Wednesday, August 5, 2020

Perils of Digital Transformation

Business transformation isn’t just an extension of continuous improvement but a breakthrough. 

With rapid changes, the exponential growth of information, fierce competition, and continuous disruptions, businesses today need nothing less than a paradigm shift in their thinking about the fundamentals of how organizations work to build an ever-evolving, hyper-connected, and highly energetic digital organization. 

The "VUCA" new normal forces digital leaders to be cautious of barriers and pitfalls on the way, be proactive, and get really creative on how to apply multidimensional disciplines to manage a system paradigm shift.

Multiple versions of the truth: Lots of data and information are floating around companies, more does not always mean better, in many companies, silo mentality dominates the organizational management philosophy and practices. And in many cases, each manager developed a specific business unit or individual agenda and not necessarily linked to what drives or could improve the business as a whole. At times, they only want to see things from their own point of view- see what they want to see, or, hear what they want to hear. So there are “multiple versions of the truth” existing across the company, people, especially management get confused and make poor judgment and cause conflicts and slow down the business speed. To improve the organizational maturity, what can be unifying is looking at each function in the enterprise as a subsystem and then finding a unified means of looking at the essence, and enforce the "middle ground" digital management practices.

Developing a fact-based change strategy is challenging. Data is raw, but the information is contextual. When making strategic decisions, for example, two different business units will come up with two very different conclusions based on the same data, depending on how it is analyzed and presented. That perhaps compromises the overall cohesiveness of strategy management at the company scope. To avoid such pitfalls, we all should walk in others’ shoes and see the problem or situation from the others’ point of view. And then unify into a common understanding by bridging cognitive differences. Fact-based decision making at the strategic level is a collaborative activity that does require concrete buy-in from all stakeholders. It is also important to understand the whole meaning of functional dialects and business cultures or subcultures without "getting lost in translation," in order to set the right guidance in a cohesive way to drive change smoothly.

Boil the ocean: With the exponential growth of information and overwhelming change dynamic, we no longer live in the world that runs in years, but one that runs in minutes. Complexity, velocity, ambiguity, etc, are the new normal, with so many distractions or disruptions, leading business forward is extremely challenging because there are so many things going on with a mixed bag of opportunities and risks, and it’s easy to get into “boil the ocean” syndrome. The organization has limited resources, time, and talent, they can’t chase all emerging opportunities or capture everything that looks shiny.

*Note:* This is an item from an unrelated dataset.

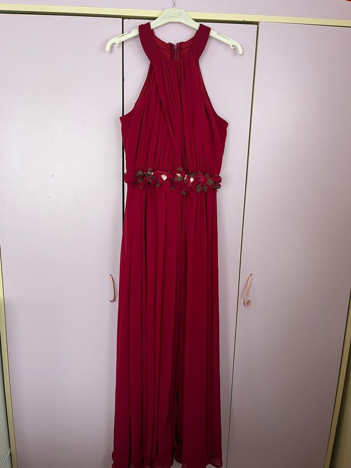 Drapeli ve işlemeli detaylara sahip, askısız ve kolsuz bordo uzun abiye elbise, düğünler için klasik ve modern şıklık sunar.

In fact, the organizational ecosystem environment is constantly changing, forcing the business to keep adjusting and streamline flow. To decompose complexity or deal with possible stagnation, organizational management needs to dig into the root causes of mismanagement by checking: Is it caused by a disconnected or distant layer of management or leadership or disengaged employees? A sea of administrative bureaucracy? Lack of clarity or direction, mistrust, or unclear priorities? Etc. Digital Transformation requires a commitment to well-set goals. The imbalanced business priority will perhaps get the business stuck and make the company fragile, and cause the business to fall into the “boiling the ocean” syndrome or “busyness” cycle without going anywhere.


See the trees, not the forest:
Digital Transformation is a large scale of change, and it takes a holistic approach. Too often, the pitfall is that transformational change is acted on the basis of improving one part of an organization at the expense of other parts of the organization. Because the management sees the trees but ignores the forest. They do not build up a body of interdisciplinary knowledge about underlying attributes for change success. Or some key management roles go under-resourced and often misunderstood the very purpose of business transformation.


Modern digital organizations are not just the sum of functional pieces, but an integral whole. Digital Management is about how to leverage Systems Thinking for setting general management principles to understanding how the “part” interconnected with the” whole.” Someone above the silo is supposed to piece all the individual puzzle together. It’s about seeing interrelationships rather than isolated things, for understanding patterns of changes. Business transformation isn’t just an extension of continuous improvement of the current business, but a breakthrough. It requires digital leaders to think outside the current constraints and comfort zones, shape a different vision, and raise the courage to pursue it, harness cross-functional communication and collaboration to ensure change success.

The digital transformation is a radical change, with all sorts of ups and downs, bumps, and curves, roadblocks, and pitfalls on the way. The digital mindset needs to be nurtured and the change mechanism should be embedded into every aspect of the businesses, so the transformation will happen naturally, and the organization can reach the next level of business growth and maturity.